I feel old. I know I’m not really – I’m 35 – but I feel very tired and like I’ve missed out on lots of things. For instance, I am single (when all my friends have partners), and I don’t have kids (not that I particularly want a baby, but my friends are starting to have them). I can’t stop thinking about all the things I haven’t done. The lease on my flat is coming up (oh, did I mention I don’t own a house!), and it’s making me feel like I want to cut myself off from everything and just age alone in peace. I can’t imagine how I’ll feel when I turn 40.

From Hannah

Oh Hannah, age is relentless. It just keeps coming, doesn’t it, like a tennis ball launcher shooting hard round weeks at you, then months, and years, and every now and then one of them winds you quite badly, or leaves a bruise. I have just had a birthday, and the sheer quantity of years I am now carrying, on increasingly sloped shoulders, is actually breathtaking. But I think maybe the feeling you’re describing, the feeling of “being old”, is not actually to do with age so much as it is to do with feeling unstable, or dissatisfied, or simply sad.

It is a particularly difficult time to enter your thirties. The traditional indicators of adulthood like houses or babies have been denied to many millions due to either systemic failures of governance or excessive avocado usage, depending on which websites you read. People have always mourned their youth, but your generation is getting older without the security or benefits that sweetened the deal, which adds a certain terror to the journey. But that’s not all of it. The process of moving forward through a life inevitably requires you to acknowledge opportunities missed or things undone.

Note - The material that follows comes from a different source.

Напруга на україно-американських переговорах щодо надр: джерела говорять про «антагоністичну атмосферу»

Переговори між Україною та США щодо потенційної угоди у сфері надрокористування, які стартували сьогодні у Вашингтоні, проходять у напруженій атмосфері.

I’m reading a book by psychoanalyst Adam Phillips, Missing Out, in which he asks: Why do we think we know more about the experiences we don’t have than about those we do? I’m thinking about this all the time now. And I think it’s completely normal to wonder what might have happened if you’d leaned into that kiss in 2007, or moved to Paris when you were 18, or said that thing to your dad, or worked harder on your maths GCSE. The trick is not to dwell there, not to set up a little camp in what might have been, or in the perceived successes of others, but instead to look around at the choices you’ve made, and try and enjoy them. You’re mourning an unlived life, rather than appreciating the life you have, and I think it’s things like this that can make a person feel stuck, or tired, or old.

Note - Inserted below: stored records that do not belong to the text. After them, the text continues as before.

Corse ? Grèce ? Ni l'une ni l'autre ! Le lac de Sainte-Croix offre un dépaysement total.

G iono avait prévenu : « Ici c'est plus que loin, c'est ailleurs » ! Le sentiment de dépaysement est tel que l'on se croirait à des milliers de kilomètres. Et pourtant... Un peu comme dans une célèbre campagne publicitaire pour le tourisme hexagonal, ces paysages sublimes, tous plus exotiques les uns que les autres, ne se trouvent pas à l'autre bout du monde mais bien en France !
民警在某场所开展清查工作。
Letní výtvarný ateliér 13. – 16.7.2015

Admittedly, turning 40 is weird. It is, it just is. I remember when my mum turned 40, and I remember it because I was old enough already to write her a birthday “rap”. Well, more a sort of spoken word poem, illustrated, but I was yet to discover those pretensions, and my point is, 40 remains the age of mothers and branch managers – it is not an age when you can still, for instance, have a tantrum over getting dressed, or get moody about lunch (as I have learned the hard way). When you get there, write in again, we’ll chat. But now, you can’t imagine how you’ll feel in five years time? Good! That’s a good thing! You will have grown by then in imperceptible yet crucial ways you cannot and should not try and know today, and this is something time does, with its bruises: it reshapes us, and makes us want, grieve and delight in completely new things.

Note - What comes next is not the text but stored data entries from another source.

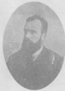
Глбъ Успенскій. (Изъ воспоминаній современн.)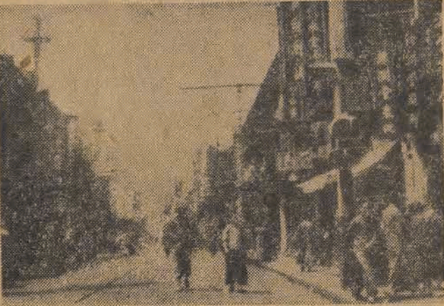
Shanghai - najruchliwsze miasto Chin - jest obecnie ewakuowane przez urzędy faszystowskiego reżimu Kuomintangu - w przewidywaniu ataku wojsk ludowych.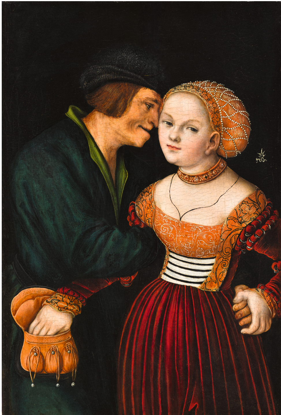
26. Lucas Cranach l'Ancien Les Amants mal assortis ou Le Vieil Homme amoureux , vers 1530 Huile sur panneau 38,7 × 26,7 cm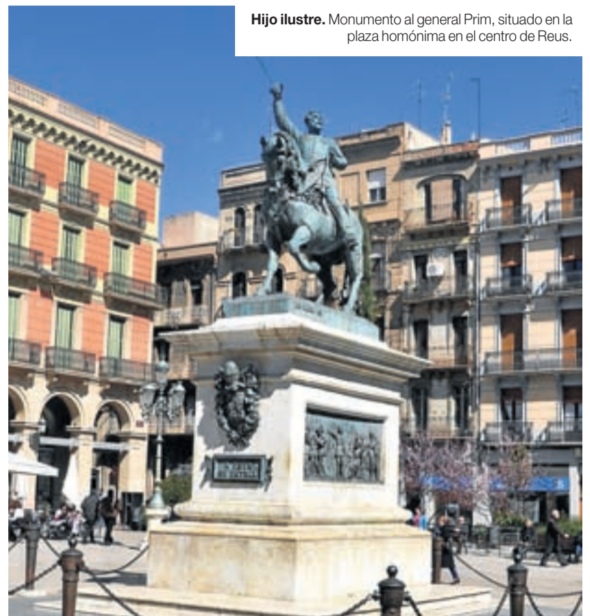
Hijo ilustre. Monumento al general Prim, situado en la plaza homónima en el centro de Reus.

Como ocurre en todo núcleo urbano, la mejor manera de conocer Reus es caminando por sus calles, dejándose llevar por el azar para acabar, por ejemplo, en la Plaça Prim, la Plaça del Mercadal o el barrio antiguo. Es aquí donde vemos en primera persona el vitalismo

You could, of course, take yourself away to hibernate in your old age – a little flat by the sea, some herbal tea, one of those leather flip-back phone cases that also contains your credit cards. Sounds quite nice. But truly, you have an entire three or four lives ahead of you, which you might enjoy more if you instead attempted to reconnect with your friends and brush off your mounting bitterness. Age can work as a spotlight on our regrets; try and refocus its beam on the future.